Instead, you mostly repeated the general speed and side channel benefits of Chicago, which I was not yet disputing.

Also, you suggested that I was referring to the field choices. I did not intend to, but I should clarify.

For a given field, pseudorandom curve better resists secret attacks than rigidity.

Field size would on my list of issues, but way, way down on my ranking of importance.

A couple people have suggested to me (off list) to generate new curves with explainable seeds but the same fields as NIST curves.

The result would seem to be intermediate between Brainpool and Chicago.

My main reluctance with that would further babble, and yet more difficulty with interoperability.

From: Watson Ladd
Sent: Monday, January 13, 2014 4:26 PM
To: Dan Brown
Subject: Re: [Cfrg] [CFRG] Safecurves v Brainpool / Rigid v Pseudorandom

On Mon, Jan 13, 2014 at 8:55 AM, Dan Brown <> wrote:
> Last week I wrote that I would soon write up my disagreements with the safe curves site.
> My first disagreement is written up below, but first two editorial issues:
> - My last email was in the context of Watson’s draft spec for the Chicago (Bernstein?) curves, but I would like to detach the issue from the I-D. My comment about the reference in Watson’s I-D to a website was just an editorial comment.
> - These technical issues that I hope CFRG discusses just might be resolved and written into a CFRG I-D cataloging of elliptic curves and their relative merits and so on, which should be independent of Watson’s spec for the Chicago curves. For now, I opted to discuss via email list, rather than placing these arguments into my own one-sided individual I-D. Please advise me if such an I-D is preferred to email.

I think this is an excellent idea (the catalogue of good curves).

> Today, I checked that
> <snip>

Rather then engage a peripheral argument, let me lay out the case for
the Chicago curves (named after the city in which Bernstein resides,
and in a long IETF tradition starting with TCP Reno, Oakley key
agreement protocol, and fundamentally of no import: see Shakespeare,
Romeo and Juliet, Act 2, Scene 2, or Wittgenstein, Philosophical
Investigations for more information) in the fairest light.

First efficiency: point addition on an Edwards curve costs 11
multiplications, doubling 7 multiplications. This is for a complete,
strongly unified addition formula, which requires no work for special
cases. By contrast on a short Weierstrass curve addition costs 16
multiplications, doubling 8.
This is with no assumptions on Z, which if we impose reduce the cost
of addition on a short Weierstrass curve to 11 multiplications. But if
we impose the same condition on the Edwards curve, the cost is 10

However, I've forced the Edwards curve to represent the identity,
which if we are willing to drop, slices off two more multiplications.
By contrast the
Weierstrass curve has special cases that need additional work to
handle in a secure manner.

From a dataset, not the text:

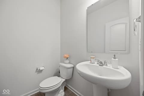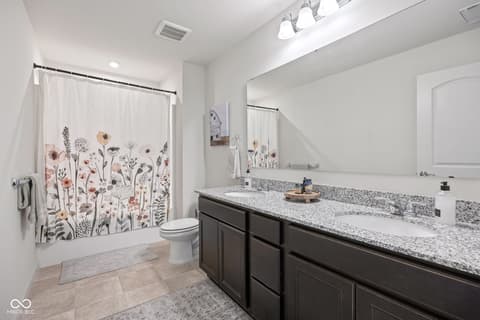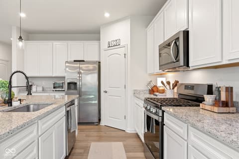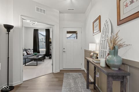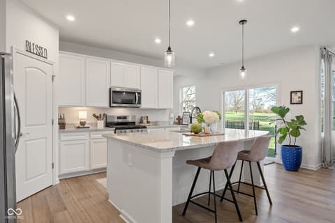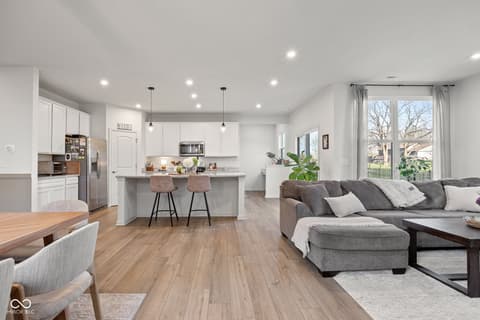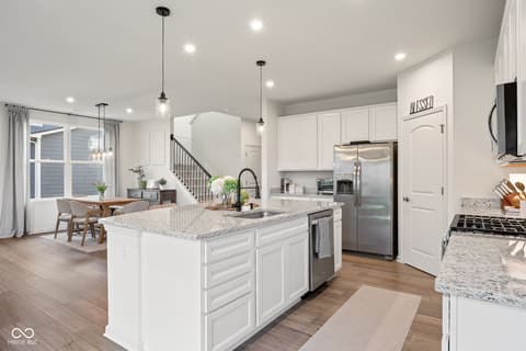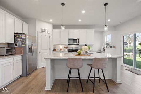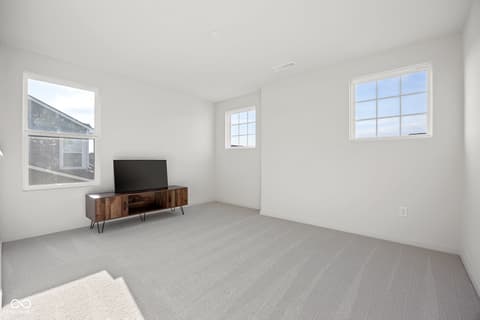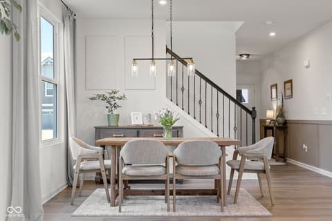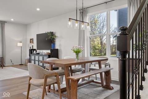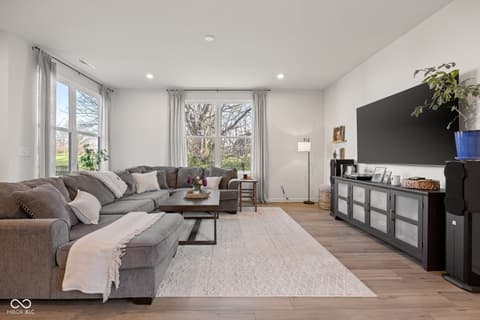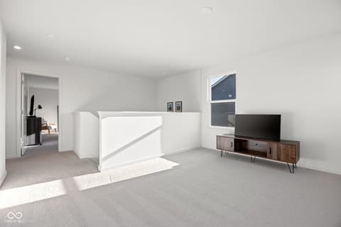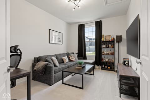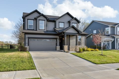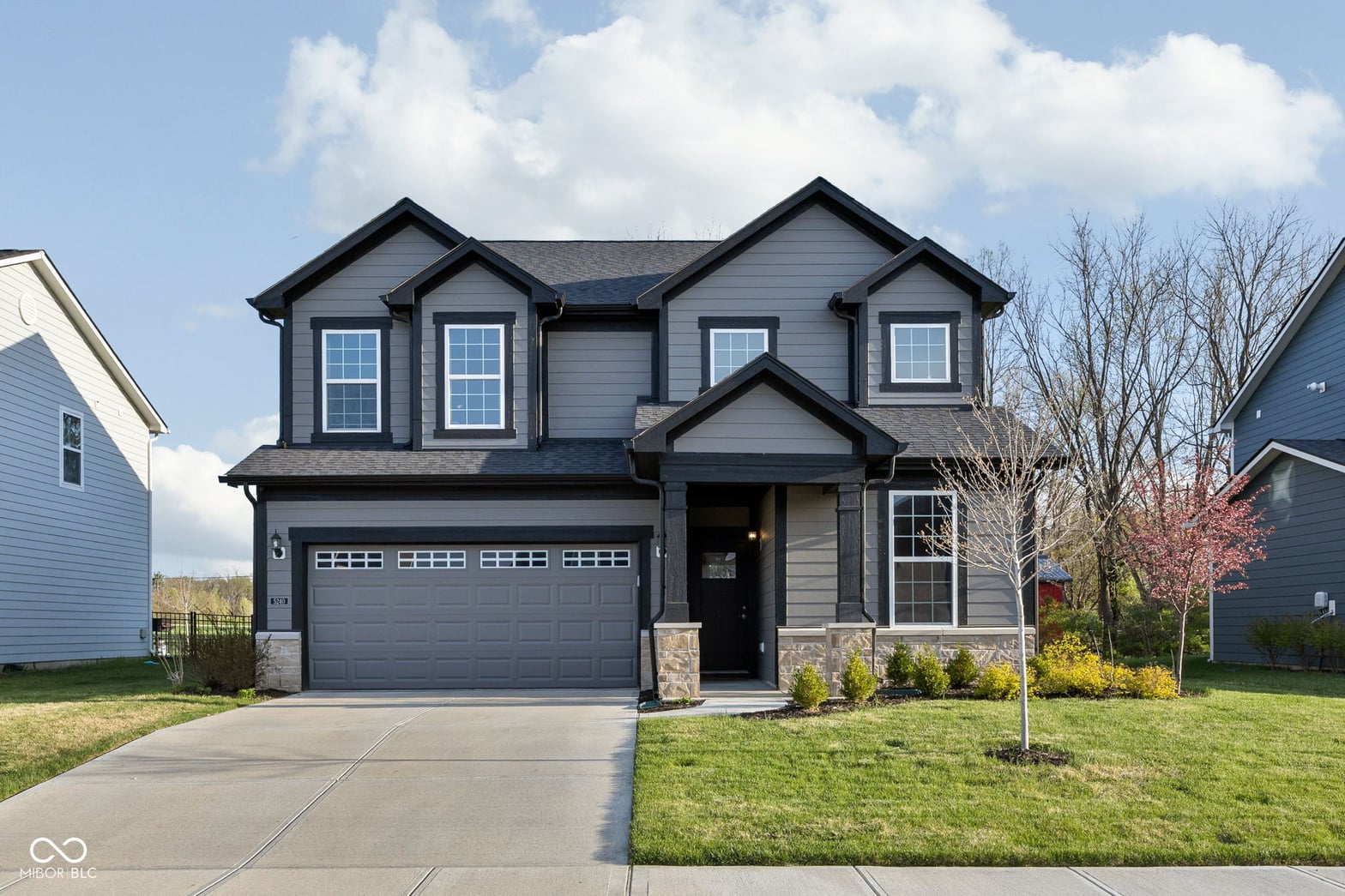 With a coveted tree-lined backyard in the heart of Hamilton County, this dark beauty is better than new! The main floor features light LVP flooring - one of today's most sought after finishes - and an open layout perfect for a cozy night in or entertaining guests. A versatile bonus room at the front of the house creates the ideal space for a home office, playroom or flex space. The upgraded chef's kitchen is a showstopper with its oversized center island, quartz countertops, corner pantry & tall cabinetry. Expansive windows fill the home with natural light and offer beautiful views of the mature trees lining the backyard. Take in the beauty of nature & abundant natural light from inside with all of the windows. Upstairs, you'll find a loft space, 2 additional bedrooms, the convenient second floor laundry room & a generously sized primary suite with room to rest & retreat. Garage is equipped with an EV charger. Ideally located near Carmel, Westfield & Noblesville, this home offers unbeatable access to top shopping, dining, parks & everyday conveniences. A short walk to Noble Crossing Elementary School and quick access to US-31 or SR 32, making commuting a breeze. Experience the charm of nearby neighborhoods where golf carts are a common sight - whether heading to dinner, grabbing groceries, enjoying ice cream or attending summer concerts at Dillon Park. This move-in ready home has it all - don't miss it!

Most people just don't bother. I also let
the Weierstrass form be special with a=-3, while keeping the Edwards
curve fully general.

So given the same prime Edwards has short Weierstrass beat. This is
true no matter what algorithm for exponentiation is used. And I even
gave short Weierstrass curves a handicap by letting them avoid
representing the entire curve and having exceptional cases, and fix
some parameters.

Montgomery form is even better: differential addition costs 10M, and
calculates a doubling for free. Sadly the differential part makes
radix-k algorithms tough, but in memory constrained environments (like
hardware) Montgomery form can't be beat. (And we haven't even used
nonuniform differential addition chains yet.. I'm still hopeful).

Then there is the prime shape: Brainpool uses a random prime, which is
a terrible idea from an efficiency perspective. NIST primes are sized
for 32 bit machines, and have some hiccups on 64 bit machines. But the
Chicago primes are primes for all seasons: 2^k-c with small c is nice
no matter what radix you adopt. Unsaturated arithmetic makes addition
faster because reductions aren't necessary at all times, and the
Chicago primes are good from that perspective.

Now security: having an efficient complete addition formula makes
writing timing, cache, and branch side channel free code a piece of
cake. By contrast short Weierstrass curves have all sorts of wrong
curve, or invalid point, or somewhere the calculation messes up
issues. Usually the defense is a final check on the result being on
the code, but that isn't the same as knowing that no attack is
possible because your code always generates the right answer.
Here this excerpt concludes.